After reading this thread here are my thoughts:
3-weeks ago, my brother who is in his mid 50s, fit, no fat, takes statins, baby aspirin for the last 15-years. He is a marathon swimmer and long distance bike rider, survived a massive heart attack with a triple bypass. One major artery was 100% plugged - the week before he had raced a 400-mile bike race - and the others were 60% to 75%. The question was how could this be?
- The A1C doesn't necessarily accurate as one a test and there can be a 1/2 percent error in the test itself
- Also, individuals life span of their hemoglobin cells can range from 80 to 160 days or so ( not sure of these numbers are exact but there is a variability ).
- If you listen to Dr.
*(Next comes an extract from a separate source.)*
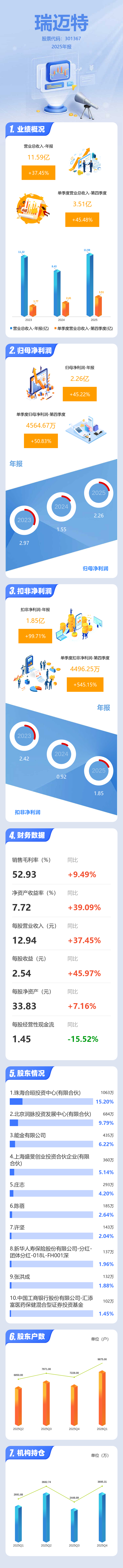 证券之星消息,瑞迈特2025年年报显示,当年度公司主营收入11.59亿元,同比上升37.46%;归母净利润2.26亿元,同比上升45.23%;扣非净利润1.85亿元,同比上升99.72%;其中2025年第四季度,公司单季度主营收入3.51亿元,同比上升45.49%;单季度归母净利润4564.67万元,同比上升50.84%;单季度扣非净利润4496.25万元,同比上升545.15%;负债率10.09%,投资收益4272.24万元,财务费用156.93万元,毛利率52.93%。

B's podcast he believes a normal A1C should be in the 4.2 to 4.8 range
- You can do your own glucose tolerance test by drinking 75g of glucose water tablets and measure your blood glucose every 15 to 30 minutes ( to help smooth out the error % ). I start at 5am and read until 9am - going out further than the normal 2-hours in my case was very enlightening - I try and do my own once every quarter.
- Is there a history of diabetes in your family?
- I've looked into the diets of Dr. Bs, Dr. Ornish , the traditional Japanese diets etc ... and one thing that stands out especially in Dr. Bs and Dr. Os case they are really not so much low fat diets or low carb diets as they are low calorie diets and some would even say very low calorie diets. I think this is one of the keys that is really missed by us diabetics.
- I've been using smart watches for my running and I believe that for many of us the Basel Metabolic Rate BMR is way too high - mine is over 2,000ca and from checking at it it is about 500 to 600 calories too high. But if I am eating between 1,400 to 1,600 calories a day - with no exercise - I am hungry all the time.
The cardiologist said that as we age, we should all assume we have at least one artery plugged and manage your life as if you did have one.
I think that this is a good strategy when it comes to diabetes. Assume that as we age we have increasing metabolic syndrome, decrease in our ability of our beta cells to function correctly, of course exercise ( have your read what Dr. B has said about it?) and most importantly, cut down on the total calories we eat each day.
Have you read up on LADA on Jenny Ruhl's website? http://www.phlaunt.com/diabetes/18382053.php I am another thin runner (5K rather than marathon!) and too suspect I might have LADA rather than T2. Like Jo, I am absolutely no expert, but your home testing numbers sound fine to me. My understanding is that in the case of LADA people will over a shortish time see their bg rise higher and higher for the same amount of carbs eaten. IMO seeing an endocrinologist is a good idea, as is carrying on with eating the level of carbs that is bringing you such good results. Even if we are eventually going to be diagnosed as LADA, for the moment every day with healthy bg levels is a day gained when we are not damaging ourselves.